# 1969 J D 3020 that vibrates at higher rpm



## corky 578 (May 19, 2021)

I have a 1969 J D 3020 that vibrates at higher rpm. Runs great up until about 1500 rpm. Has a balancer. Looking for ideas. corky578


----------



## pogobill (Jan 31, 2012)

Welcome Corky, hopefully a JD member will swing by and help you out.


----------



## Tx Jim (Jul 28, 2020)

Welcome to TF
You're correct JD 3020 engine has a harmonic balancer that you should check condition of rubber insert. JD recommended changing harmonic balancers at about 5000 hrs of use. Does engine run without a "misfire"? 3020 engine also has a balancer box with 2 shafts with bushings that possibly could have failed. One would need to remove engine crankcase pan for a visual inspection of bushings. Click on link to see balancer parts schematics. https://partscatalog.deere.com/jdrc/sidebyside/equipment/80960/referrer/navigation/pgId/106654


----------



## pogobill (Jan 31, 2012)

Tx Jim said:


> Welcome to TF
> You're correct JD 3020 engine has a harmonic balancer that you should check condition of rubber insert. JD recommended changing harmonic balancers at about 5000 hrs of use. Does engine run without a "misfire"? 3020 engine also has a balancer box with 2 shafts with bushings that possibly could have failed. One would need to remove engine crankcase pan for a visual inspection of bushings.

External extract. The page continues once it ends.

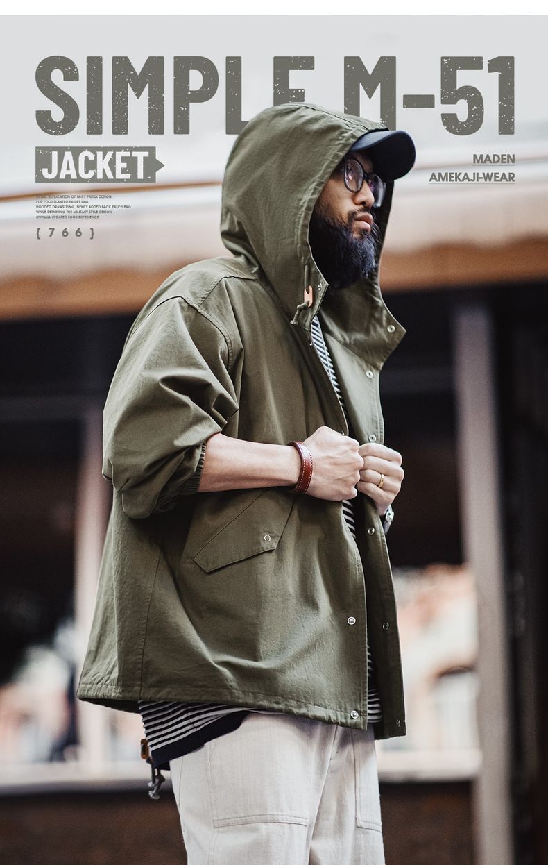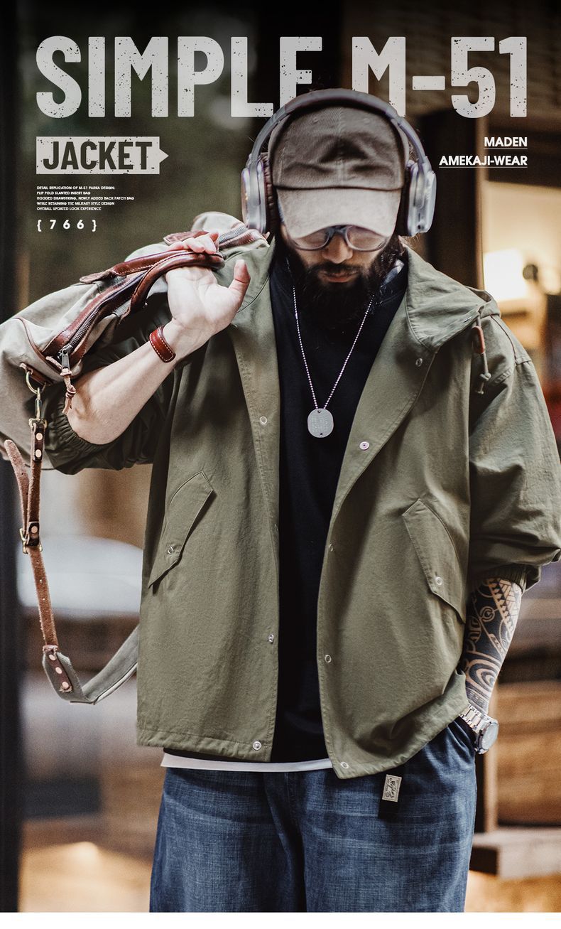 Retro M51 Military Jacket Vintage Fishtail Hooded Workwear Coat

Click on link to see balancer parts schematics. https://partscatalog.deere.com/jdrc/sidebyside/equipment/80960/referrer/navigation/pgId/106654


Sorry Tx Jim, I must have created this new thread for Corky as you were composing your reply!


----------



## Tx Jim (Jul 28, 2020)

pogobill
No problem & no need to be sorry after all you're just performing your task as Super Moderator!


----------